Sanssouci: Vorschlag
■ Marva Whitney und Lyn Collins: Soulpredigt im Tränenpalast
„Wir schrieen uns immer die Lungen raus“, sagte Vicki Anderson, erst vor kurzem mit Ehemann Bobby Byrd in Berlin, über sich und ein Dutzend anderer Sängerinnen, die in den letzten dreißig Jahren in James Browns Band waren — und heute nicht nur gut auf den Godfather zu sprechen sind.
Marva Whitney kam 1967 zu Brown. „Als wir zur Truppenbetreuung nach Vietnam flogen“, erinnert er sich nach Patriarchenmanier in einer Autobiographie, „konnte ich nur fünf Musiker und Marva Whitney mitnehmen. Marva war damals meine Freundin, eine tolle Frau. Ich schrieb ,It‘s My Thing‘ für sie. Ich glaube, sie war die stärkste aller meiner Freundinnen.“
Brown war von ihr tatsächlich so überzeugt, daß er innerhalb von nur acht Monaten drei LPs, „I Sing Soul“, „It's My Thing“ und „Live And Lowdown At The Apollo“, veröffentlichen ließ. Aber: Er zahlte kaum Tantiemen, und so verließ Anderson nach zahllosen Fernsehshows und tausend Konzerten in drei Jahren ihren Arbeitgeber Brown. Sie zog nach Los Angeles und arbeitete schließlich als Sekretärin.
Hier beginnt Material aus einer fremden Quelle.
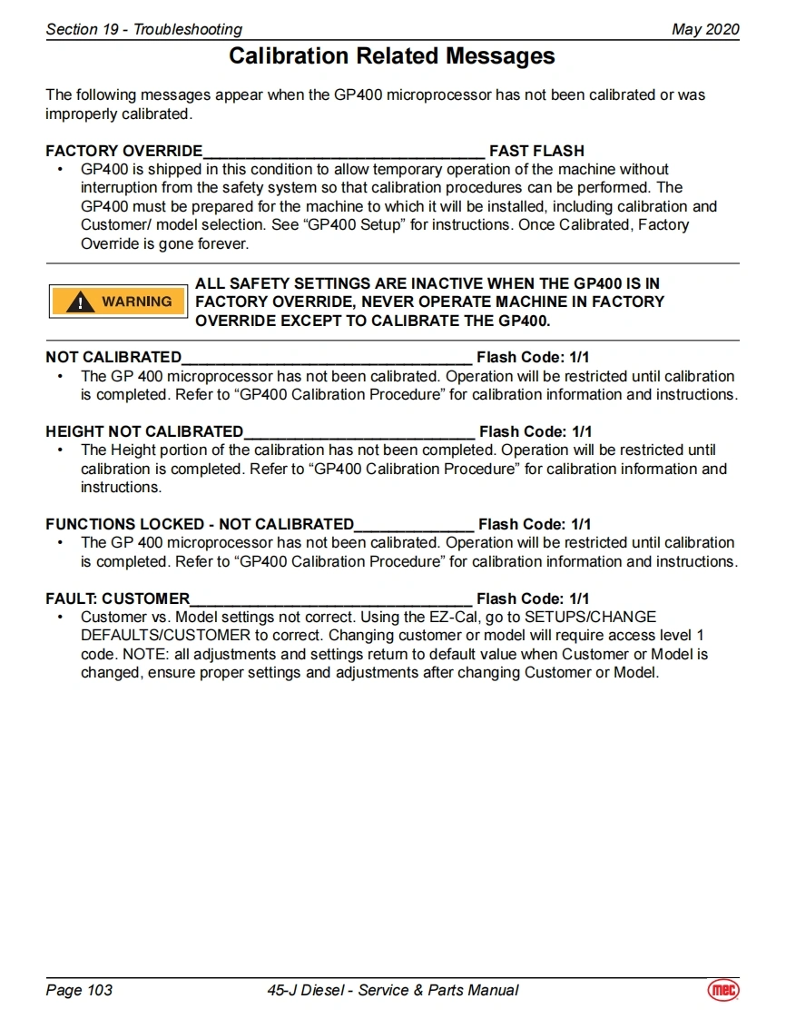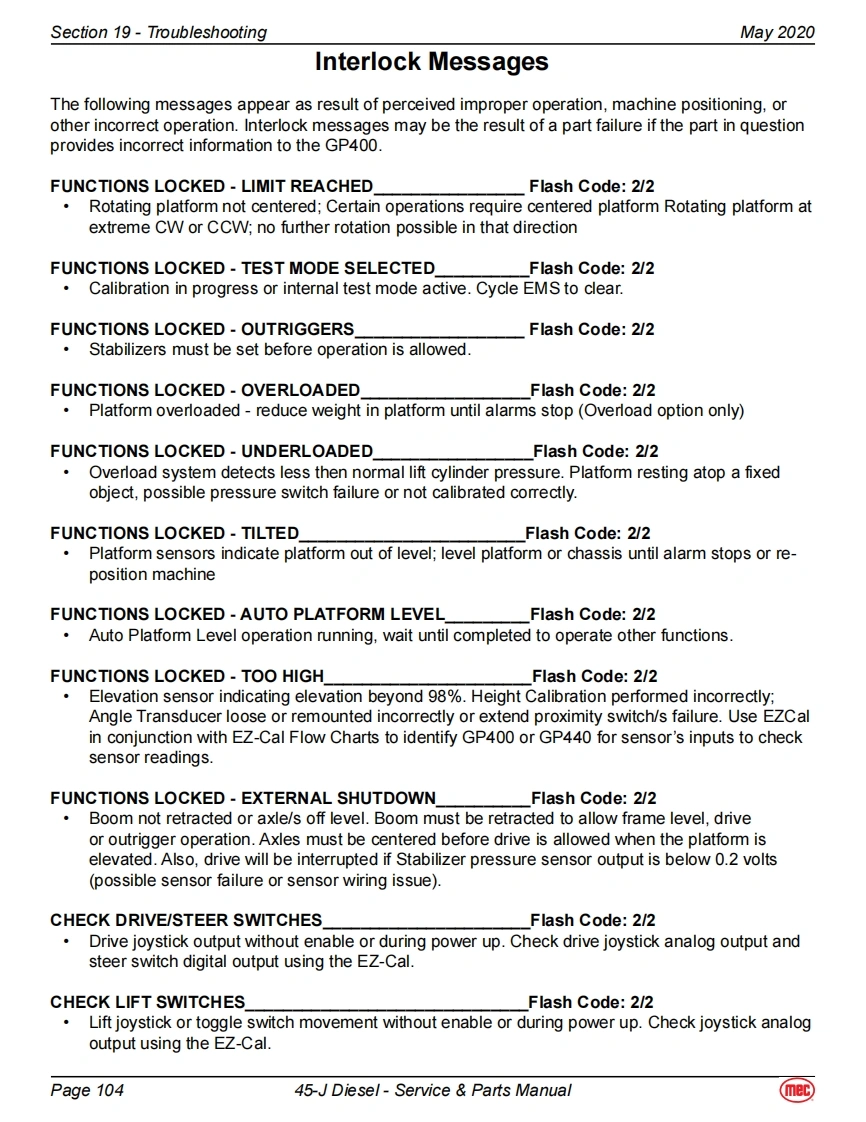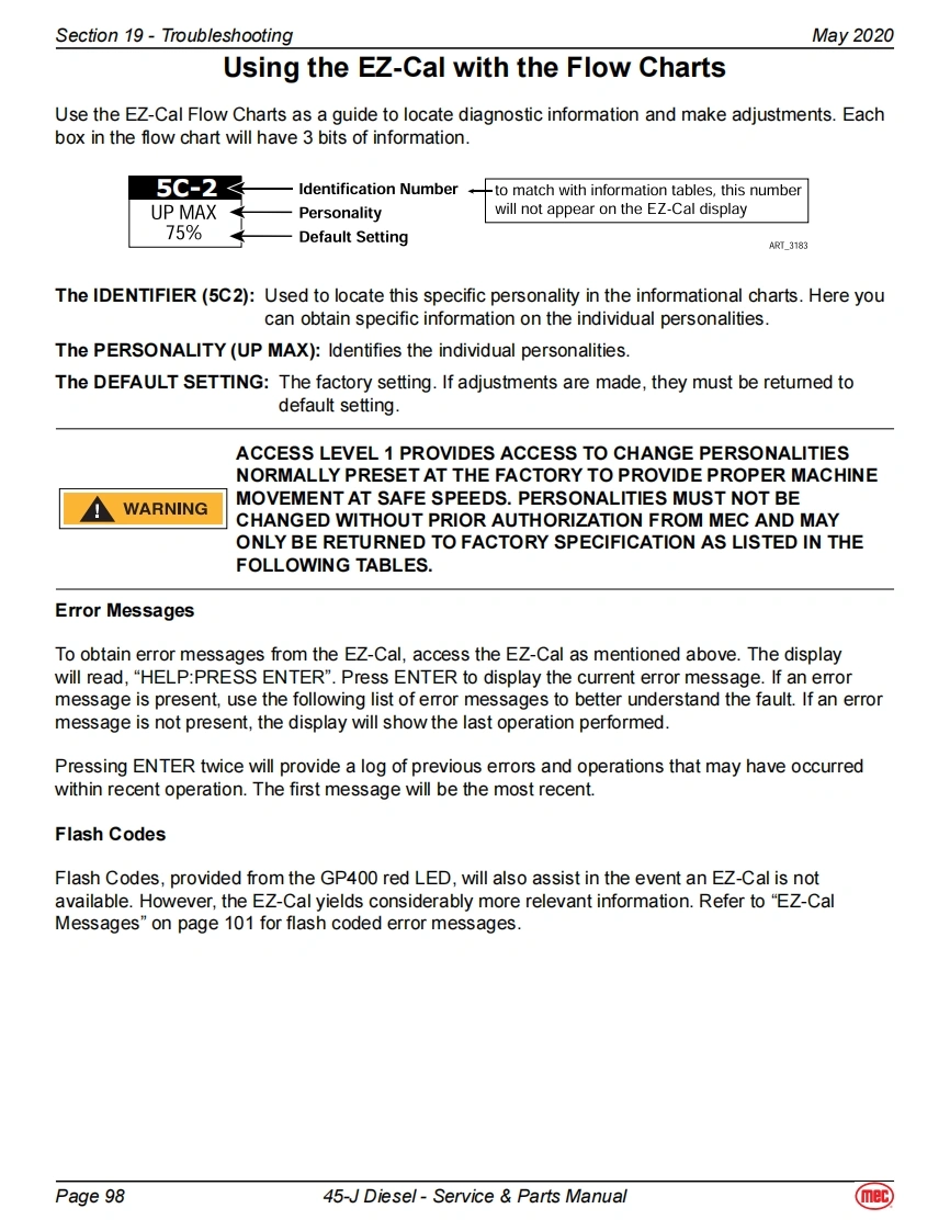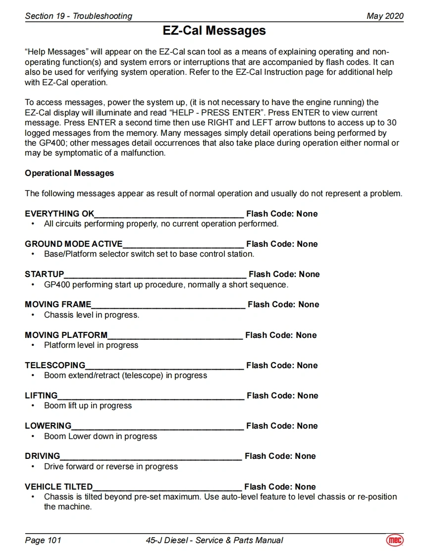 Section 19-TroubleshootingMay 2020EZ-Cal Scan ToolsThe EZ-Cal Scan Tools interface with the machine's control system to provide system information andto allow adjustment.The EZ-Cal receives its power from the GP400 or GP440.The system must bepowered up by closing the battery disconnect switch and pulling out both Emergency Stop Switches.You must also select Base or Platform depending on the station from which you will operate.EZ-Calan ToolEZcalLower Controls BoxOptional OnboardOnboard EZ-Cal Option --Lower Controls BoxE2 Cal PoitionModuleGP400ModuieTo use and operate the onboard EZ-Cal,set theTerminalBase/Platform Key switch to Base,then open thedoor to the Lower Controls Box.The onboard EZ-Cal scan tool provides the same functionality as theOptional EZ Cal Onboard Scan Toolhand-held unit.Diagnostic CenterEZ-CalHandheld EZ-Cal -Upper Controls BoxHandheldGP440 ModuleScan ToolThe handheld EZ-Cal is not provided with theEZcalmachine and is available from the MEC PartsDepartment (part #90888).Upper ControlsTo use and operate the handheld EZ-Cal at theBoxupper controls station:Set the Base/Platform Key Switch to Platform。Open the lid to the Upper Controls Box3经·Plug the EZ-Cal into port P9 of the GP440GP440】Modulemodule.This plug is on the right side of themodule,facing down.EZ-Cal port onbottom,facing downUsing The EZ-Cal Scan ToolOnce,powered up,the EZ-Cal display will illuminate andKEY FUNCTIONSread "HELP:PRESS ENTER".From this point,use theSYMBOLESC/ENTER BUTTONSright and left arrows to scroll through the base menus.ESCENTERTo move back and forth between menuand sub-menuOnce the desired base menu is obtained (i.e.LEFT/RIGHT BUTTONSADJUSTMENTS)press ENTER to access sub menus.Select menus and setting to be adjustedUse the RIGHT and LEFT arrows to scroll through subUP/DOWN BUTTONSmenus,then press ENTER again to choose a sub menu.Adjust setting valuesThe UP/DOWN arrows are used to change settings only.Press ESC to back up one level.Page 9745-J Diesel-Service Parts Manual(mec)

Das einzige, was uns der egomane Brown in seiner Autobiographie über Lyn Collins verrät, ist in zwei spärlichen Sätzen zusammengefaßt: „Vicki verließ mich, Lyn Collins, eine tolle Sängerin, ersetzte sie. Ich nahm eine Menge Lieder mit ihr in den 70er Jahren auf.“ Dabei war Lyn die kommerziell erfolgreichste aller JB-Sängerinnen, wurde als „Female Preacher“ angekündigt. Gut drei Jahre war sie beim Godfather, der 16 Singles und zwei LPs produzierte. Doch statt Geld gab es nur schöne Worte.
Nicht eben ein Ehrenplatz in der Historiographie des Rock, was unter der Ägide von Brown bei soviel Mühe und Talent heraussprang. Aber: „Wir ärgern uns nicht mehr“, resümiert Lyn stellvertretend für die anderen, „wir haben uns beruhigt. Ich habe mir zuviel gefallen lassen, zum Teil aus Ignoranz, zum Teil aus Naivität. Der Haß ist vergessen.“ Die Jahre bis zur Gegenwart überbrückte sie als Backgroundsängerin.
1988 kamen ein paar JB-geschädigte Musiker unter der Leitung von Bobby Byrd nach Europa. Der Erfolg wurde zum Auslöser für einige Karrierewiederbelebungen, insbesondere für Maceo Parker. Mit von der Partie waren auch Marva Whitney und Lyn Collins, die nun im Alleingang erinnern wollen, daß James Brown zumindest Talente erkennen und entdecken konnte. Norbert Hess
Heute, 22 Uhr im Tränenpalast, Bahnhof Friedrichstraße, Mitte.